• Source material:
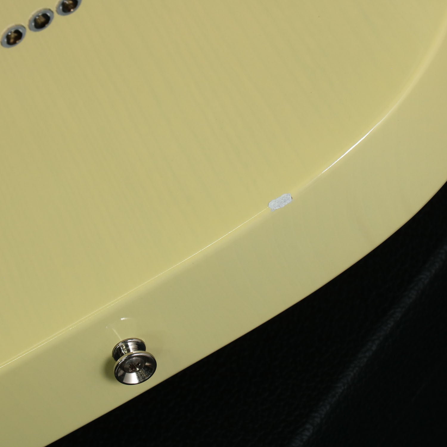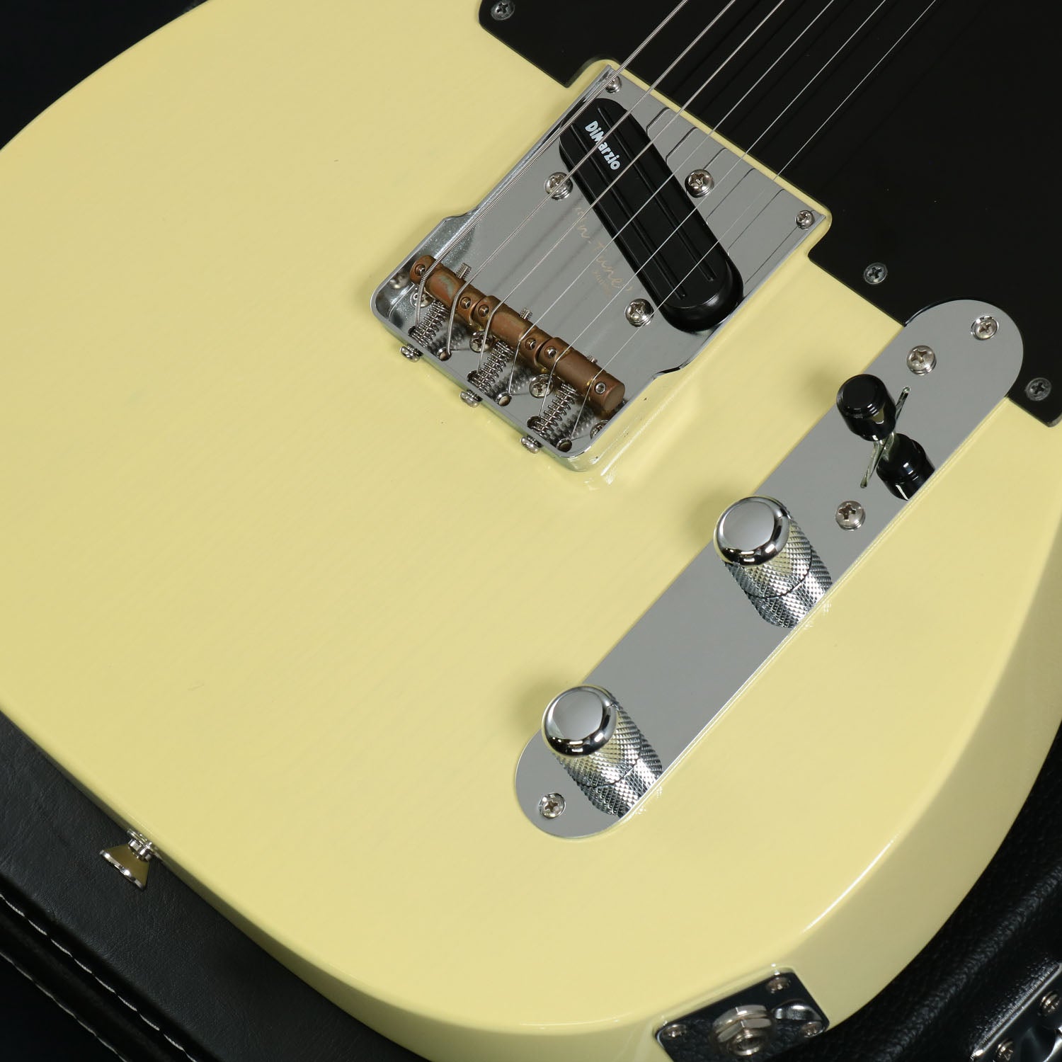 こちらは日本が誇る大物ミュージシャン・あの国民的バンドのフロントマンであるK.K氏も愛用する、楽器店オーダーで製作されたモデル、ブロンドフィニッシュのアッシュボディにブラックガード、ソフトVシェイプのワンピースメイプルネックといった50s TLタイプです。
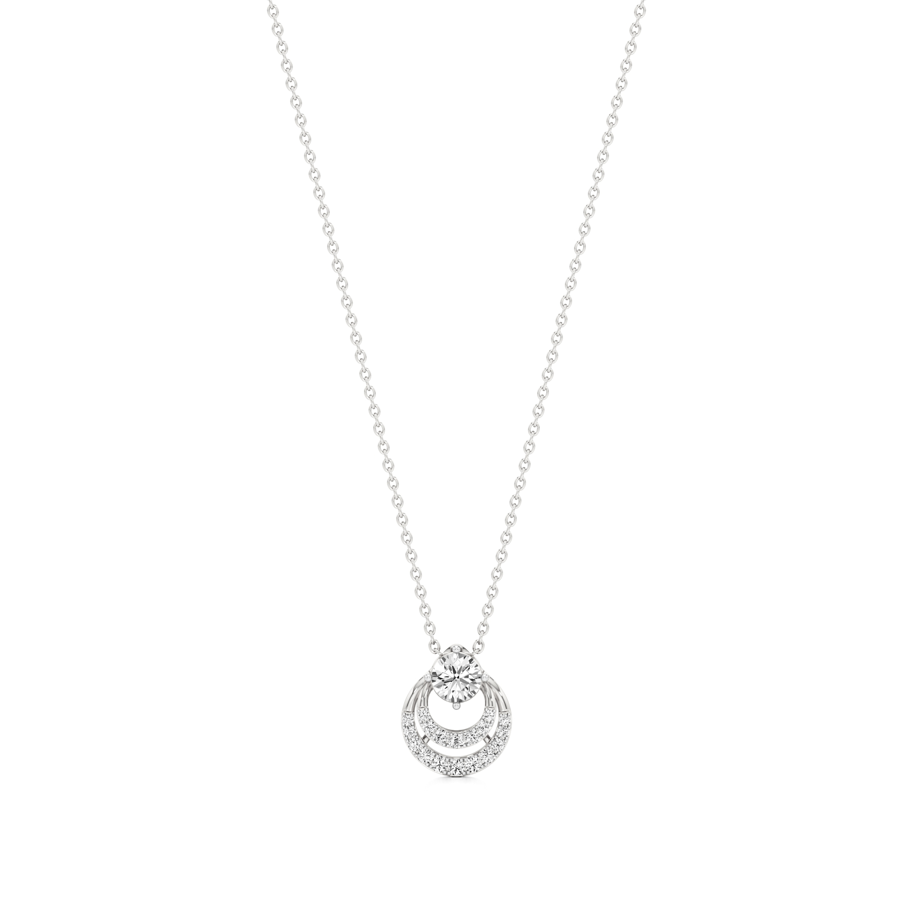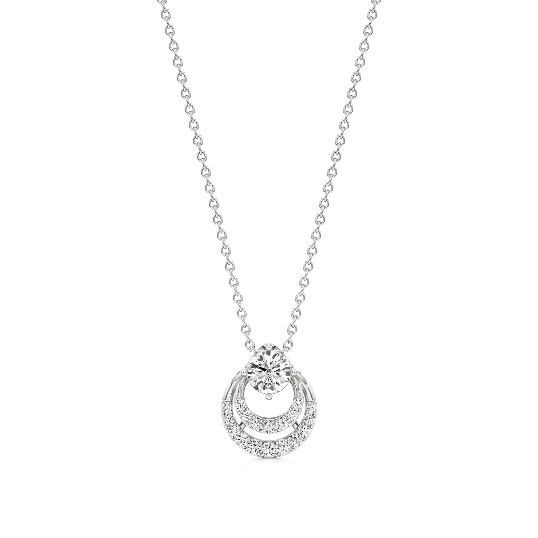 The Luna Glow Diamond Pendant features 0.60 carats of sparkling diamonds in a crescent-inspired design, centered with a radiant round diamond. This elegant pendant adds a touch of sophistication, making it perfect for weddings, festive occasions, or enhancing everyday style.
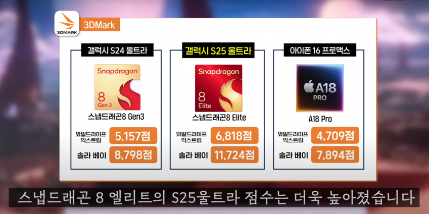 갤럭시 S25 시리즈는 퀄컴의 최신 칩셋인 '갤럭시용 스냅드래곤 8 엘리트'를 탑재했습니다.
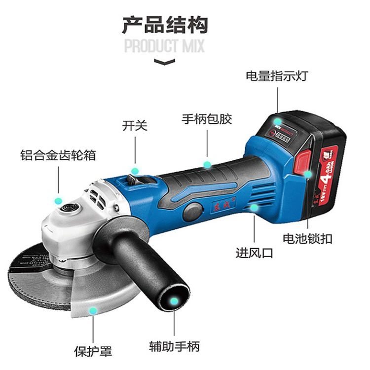 東成充電式角向磨光機細節解析圖
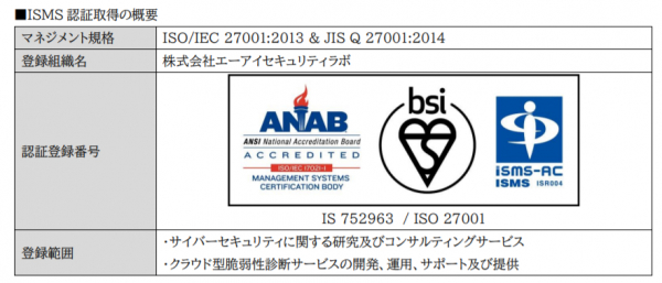 当社は簡単・手軽にWebサービスの安全性向上を実現するSaaS型Webアプリ診断ツール「AeyeScan」を提供しています。事業拡大のなか、お客様にさらなる「安全・安心」なサービスを提供すべく、情報セキュリティ管理体制の強化を進めてまいりました。今回のISMS認証取得は、当社の取り組みが適切に行われていることを第三者機関が認定するものです。
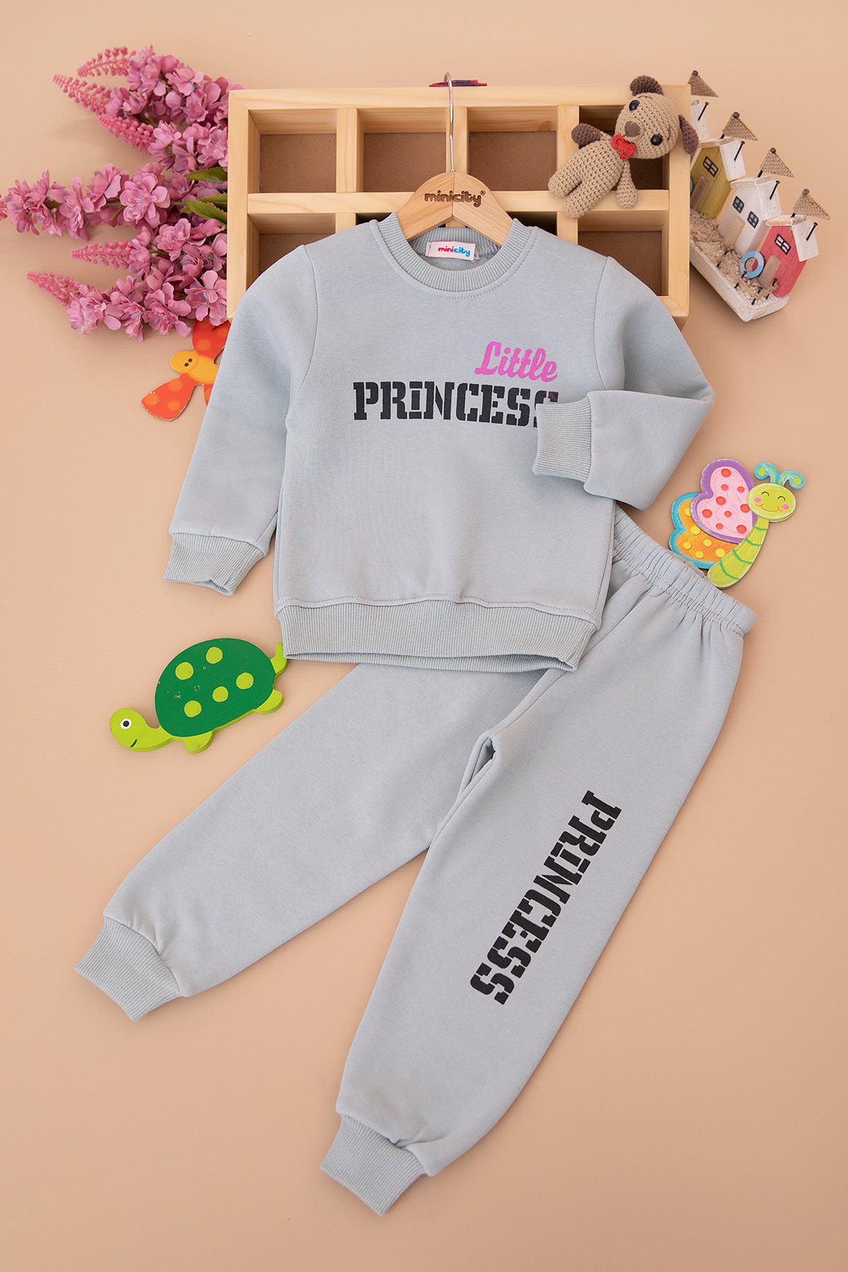 Kız Çocuk Princess Baskılı Üçip Takım - 50910 (3-7 Yaş)
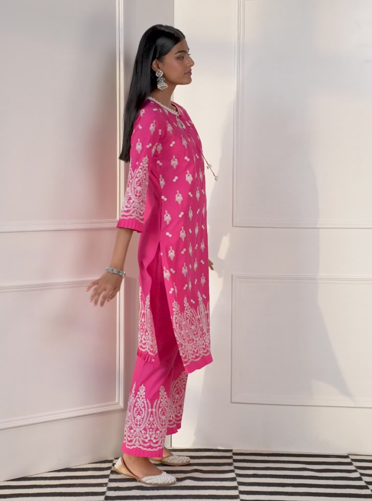 Mulmul Cotton Asteria Pink Kurta With Asteria Pink Palazzo

• Instructions for the task: Repeat, exactly and only, the lines from the one containing "当社は簡単・手軽にWebサー" through the final line of the data, both ends included, leaving out any picture.

• Result for this task:
 当社は簡単・手軽にWebサービスの安全性向上を実現するSaaS型Webアプリ診断ツール「AeyeScan」を提供しています。事業拡大のなか、お客様にさらなる「安全・安心」なサービスを提供すべく、情報セキュリティ管理体制の強化を進めてまいりました。今回のISMS認証取得は、当社の取り組みが適切に行われていることを第三者機関が認定するものです。
 Kız Çocuk Princess Baskılı Üçip Takım - 50910 (3-7 Yaş)
 Mulmul Cotton Asteria Pink Kurta With Asteria Pink Palazzo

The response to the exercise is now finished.